┌─ Records for processing

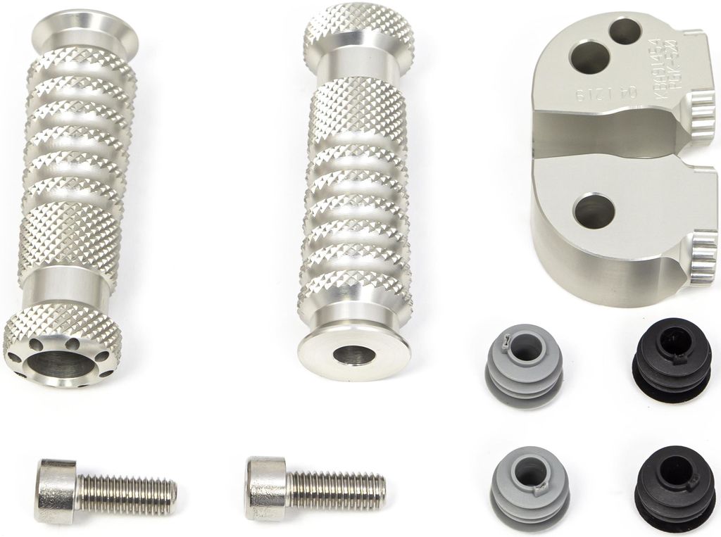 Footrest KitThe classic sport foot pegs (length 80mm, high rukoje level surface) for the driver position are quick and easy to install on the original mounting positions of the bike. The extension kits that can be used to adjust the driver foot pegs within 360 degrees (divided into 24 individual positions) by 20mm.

└─
┌─ Records for processing

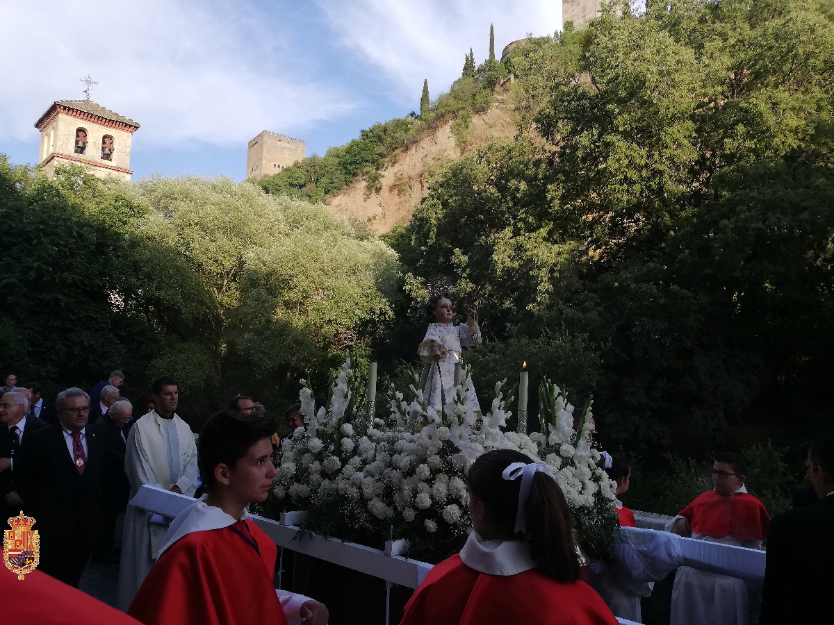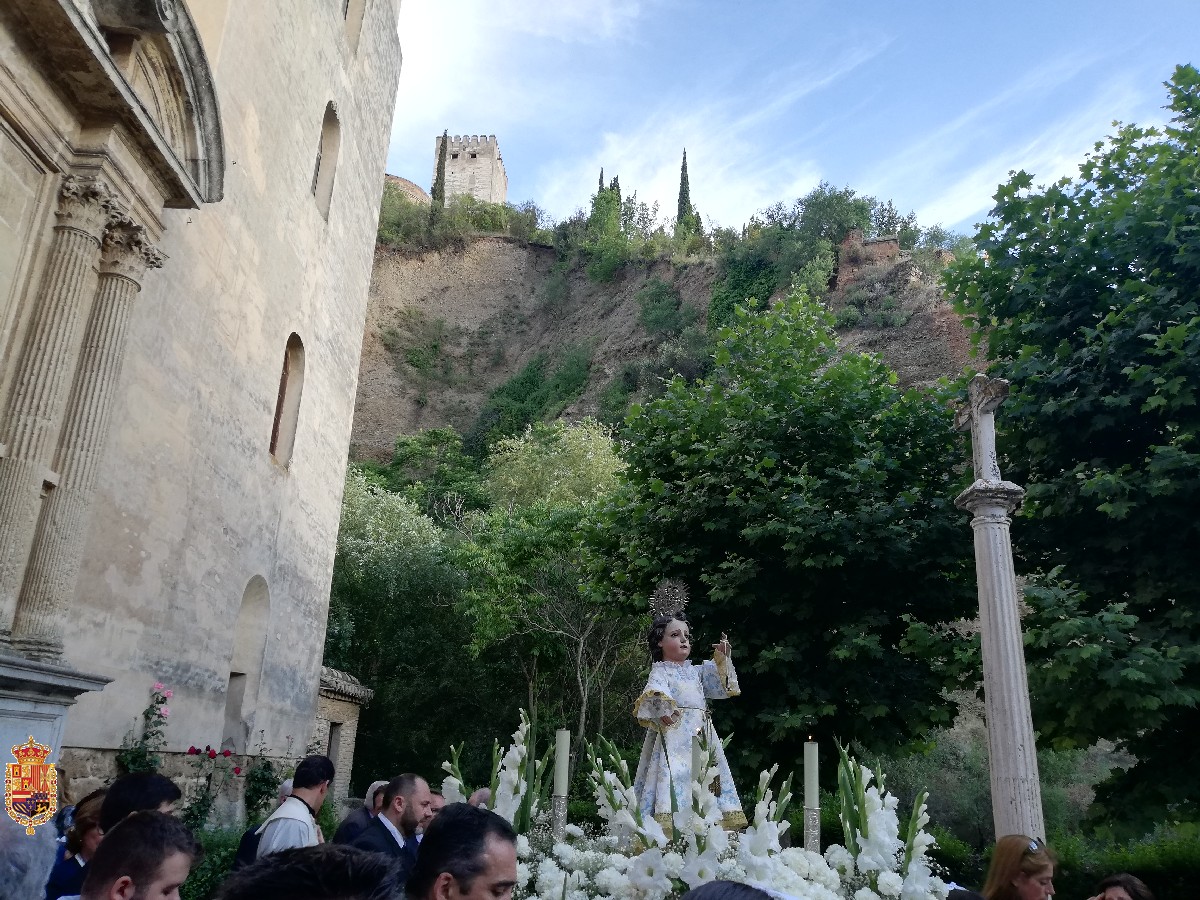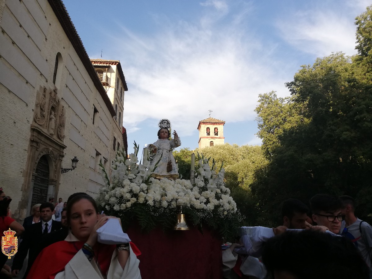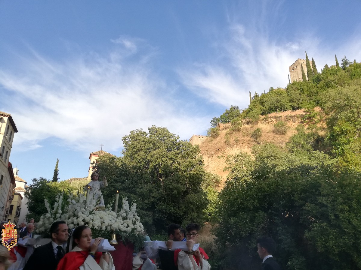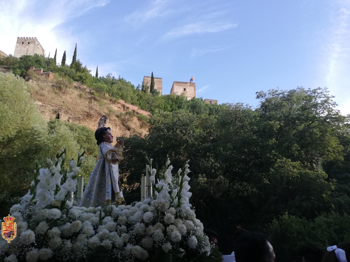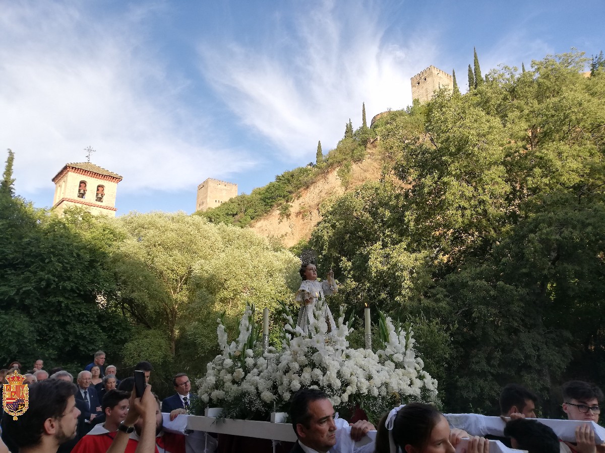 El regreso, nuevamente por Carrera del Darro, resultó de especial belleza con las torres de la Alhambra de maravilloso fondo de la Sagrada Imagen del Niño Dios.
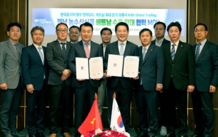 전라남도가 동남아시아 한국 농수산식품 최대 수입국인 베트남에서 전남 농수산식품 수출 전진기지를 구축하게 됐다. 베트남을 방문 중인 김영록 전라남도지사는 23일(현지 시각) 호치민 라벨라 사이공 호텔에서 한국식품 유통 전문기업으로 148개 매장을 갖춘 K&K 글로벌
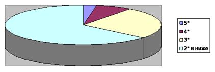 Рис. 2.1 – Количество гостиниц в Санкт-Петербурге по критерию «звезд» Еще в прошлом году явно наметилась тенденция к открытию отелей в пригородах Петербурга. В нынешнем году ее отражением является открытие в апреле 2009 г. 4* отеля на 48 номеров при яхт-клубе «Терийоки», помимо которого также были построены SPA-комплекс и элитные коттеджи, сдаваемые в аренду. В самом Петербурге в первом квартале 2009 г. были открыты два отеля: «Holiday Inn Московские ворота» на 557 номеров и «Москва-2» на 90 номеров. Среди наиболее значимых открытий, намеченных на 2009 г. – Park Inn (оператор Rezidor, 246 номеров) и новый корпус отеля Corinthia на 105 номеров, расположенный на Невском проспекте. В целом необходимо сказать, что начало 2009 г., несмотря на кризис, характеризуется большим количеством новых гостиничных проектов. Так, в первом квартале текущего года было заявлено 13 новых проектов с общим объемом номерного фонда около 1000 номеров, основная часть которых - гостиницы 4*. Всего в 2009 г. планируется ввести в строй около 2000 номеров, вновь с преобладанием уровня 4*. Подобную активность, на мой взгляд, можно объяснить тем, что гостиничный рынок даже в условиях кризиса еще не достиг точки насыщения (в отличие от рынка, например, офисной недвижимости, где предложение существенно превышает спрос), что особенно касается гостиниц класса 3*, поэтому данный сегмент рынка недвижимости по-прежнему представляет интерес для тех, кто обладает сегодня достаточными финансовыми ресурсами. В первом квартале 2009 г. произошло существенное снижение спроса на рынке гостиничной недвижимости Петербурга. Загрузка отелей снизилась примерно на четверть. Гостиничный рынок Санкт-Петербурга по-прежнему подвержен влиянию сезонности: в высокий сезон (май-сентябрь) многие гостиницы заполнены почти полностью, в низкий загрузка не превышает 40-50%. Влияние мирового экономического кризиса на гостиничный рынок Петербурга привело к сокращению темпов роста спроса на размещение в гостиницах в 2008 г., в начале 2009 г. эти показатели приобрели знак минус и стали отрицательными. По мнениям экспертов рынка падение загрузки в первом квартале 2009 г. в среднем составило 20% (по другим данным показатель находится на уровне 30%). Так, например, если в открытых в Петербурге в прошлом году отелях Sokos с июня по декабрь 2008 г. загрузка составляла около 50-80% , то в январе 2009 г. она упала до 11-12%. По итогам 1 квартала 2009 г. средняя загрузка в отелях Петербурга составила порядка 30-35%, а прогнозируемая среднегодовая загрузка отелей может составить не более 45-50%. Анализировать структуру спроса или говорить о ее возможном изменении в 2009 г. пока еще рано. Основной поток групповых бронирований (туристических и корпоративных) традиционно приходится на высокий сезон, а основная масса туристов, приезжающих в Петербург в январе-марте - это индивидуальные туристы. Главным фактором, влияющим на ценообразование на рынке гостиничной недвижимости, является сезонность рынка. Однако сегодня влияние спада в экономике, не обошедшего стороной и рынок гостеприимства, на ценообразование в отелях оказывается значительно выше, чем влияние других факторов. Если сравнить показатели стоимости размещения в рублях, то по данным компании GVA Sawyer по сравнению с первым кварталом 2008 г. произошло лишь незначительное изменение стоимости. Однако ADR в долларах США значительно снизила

└─
┌─ Records for processing

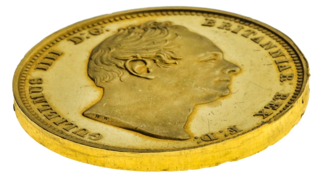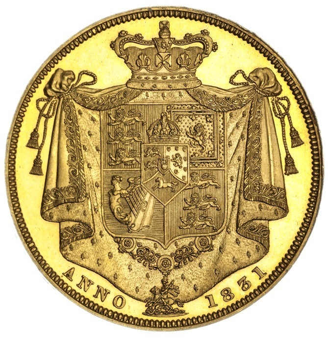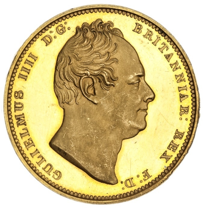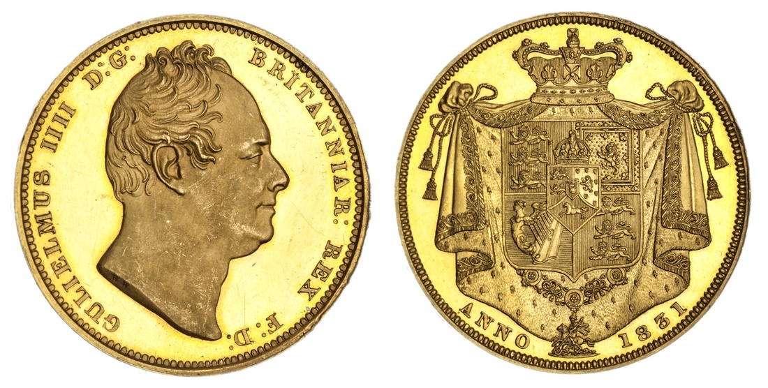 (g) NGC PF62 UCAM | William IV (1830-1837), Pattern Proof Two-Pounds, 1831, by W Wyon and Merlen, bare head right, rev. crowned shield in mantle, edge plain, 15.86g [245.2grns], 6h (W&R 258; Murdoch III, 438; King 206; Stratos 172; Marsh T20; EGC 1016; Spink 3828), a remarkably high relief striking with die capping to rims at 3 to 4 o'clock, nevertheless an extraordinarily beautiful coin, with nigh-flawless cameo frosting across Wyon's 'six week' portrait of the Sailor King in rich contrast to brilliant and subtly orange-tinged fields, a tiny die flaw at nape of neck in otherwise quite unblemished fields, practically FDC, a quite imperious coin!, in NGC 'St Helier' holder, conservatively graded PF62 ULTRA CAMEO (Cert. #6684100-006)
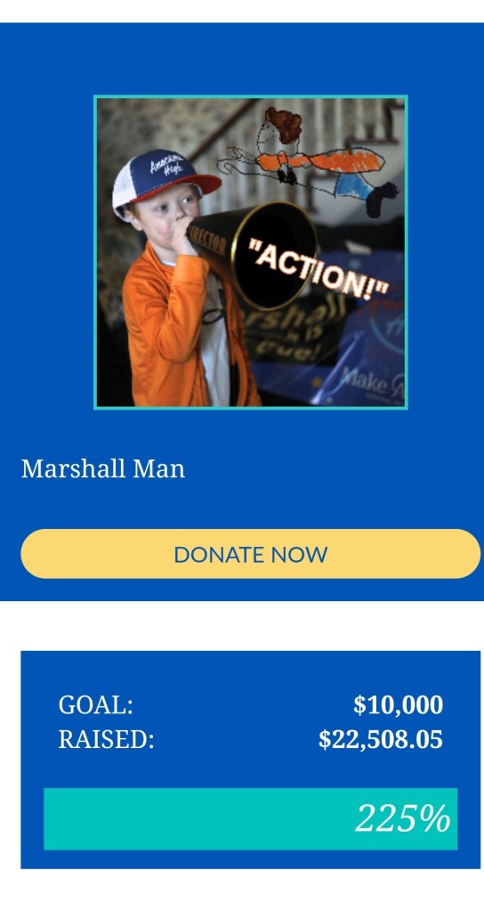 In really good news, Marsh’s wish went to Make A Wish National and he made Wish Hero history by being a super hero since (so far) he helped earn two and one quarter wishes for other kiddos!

└─

Given the entries above, transcribe exactly the lines from the one holding "El regreso, nuevamente" through the one holding "전라남도가 동남아시아 한국"; pictures do not belong in the transcription.

 El regreso, nuevamente por Carrera del Darro, resultó de especial belleza con las torres de la Alhambra de maravilloso fondo de la Sagrada Imagen del Niño Dios.
 전라남도가 동남아시아 한국 농수산식품 최대 수입국인 베트남에서 전남 농수산식품 수출 전진기지를 구축하게 됐다. 베트남을 방문 중인 김영록 전라남도지사는 23일(현지 시각) 호치민 라벨라 사이공 호텔에서 한국식품 유통 전문기업으로 148개 매장을 갖춘 K&K 글로벌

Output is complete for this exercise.